Comment by nunez

Comment by nunez 6 days ago

9 replies

I'd like more clarity on this:

> The advantage over docker here is that (when using Flakes) Nix builds are completely reproducible. Docker containers may be isolated, but surprisingly they are not deterministic out of the box. With some work you can make docker deterministic, but thats what you need, its much easier to use Nix.

as the whole purpose of the Dockerfile is to create a reproducible environment.

thln666 4 days ago

The whole purpose of the Dockerfile is not to create a reproducible environment. The purpose of a Dockerfile is to run a bunch of commands inside of a container and save the output. Those commands may or may not produce the same output every time they're run.

For example, if you have a debian base container that you run `apt install nginx` in, what version you actually get depends on a lot of different things including what the current version of nginx is inside of the remote repositories you're installing from _when the docker build command is executed_, not when the Dockerfile is written.

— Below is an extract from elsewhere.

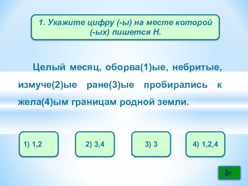 Целый месяц, оборва(1)ые, небритые, измуче(2)ые ране(3)ые пробирались к жела(4)ым границам родной земли.

So, if you do "docker build ." today, and then the same thing 6 months from now, you will probably not get the same thing. Thus, Dockerfiles are not reproducible without a lot of extra work.

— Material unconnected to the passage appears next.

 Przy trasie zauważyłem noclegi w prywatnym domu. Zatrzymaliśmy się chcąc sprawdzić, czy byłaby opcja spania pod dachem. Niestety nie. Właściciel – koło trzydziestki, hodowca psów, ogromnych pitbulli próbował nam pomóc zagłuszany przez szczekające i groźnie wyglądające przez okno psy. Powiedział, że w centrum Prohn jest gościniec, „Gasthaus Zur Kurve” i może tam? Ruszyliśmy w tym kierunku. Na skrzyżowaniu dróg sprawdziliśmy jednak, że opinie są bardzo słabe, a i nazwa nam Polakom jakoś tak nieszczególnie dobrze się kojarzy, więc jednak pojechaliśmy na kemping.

Nix flakes are not like that - they tag _exact_ versions of every input in the flake.lock, so a build 6 months from now will give you the _exact same system_ as you have today, given the same input. This is the same as like an npm lock file or a fully-specified python requirements.txt (where you have each package with an ==<version>).

So, you definitely can make Dockerfiles reproducible, but again, the Dockerfile itself is not made to do that.

Hope that helps your understanding here!

  • JamesSwift 3 days ago

    > For example, if you have a debian base container that you run `apt install nginx` in, what version you actually get depends on a lot of different things including what the current version of nginx is inside of the remote repositories you're installing from _when the docker build command is executed_, not when the Dockerfile is written.

    Its even worse. Its not the current version when the command is executed, its _the current version taking the layer cache into account_, which is a classic docker gotcha in needing to do single line `apt-get update && apt-get install` to sidestep. The layer cache really makes it hard to reason about.

aidenn0 4 days ago

Do any of your Dockerfiles make e.g. apt calls? If so, then they will get a different version of software installed when built on different days, because that will depend on the state of the package servers.

A more trivial example of non-deterministic would be that you can write a Dockerfile that uses curl to fetch data from random.org; the functions nix provides for fetching from URLs require you to specify the sha-sum of the data you fetch.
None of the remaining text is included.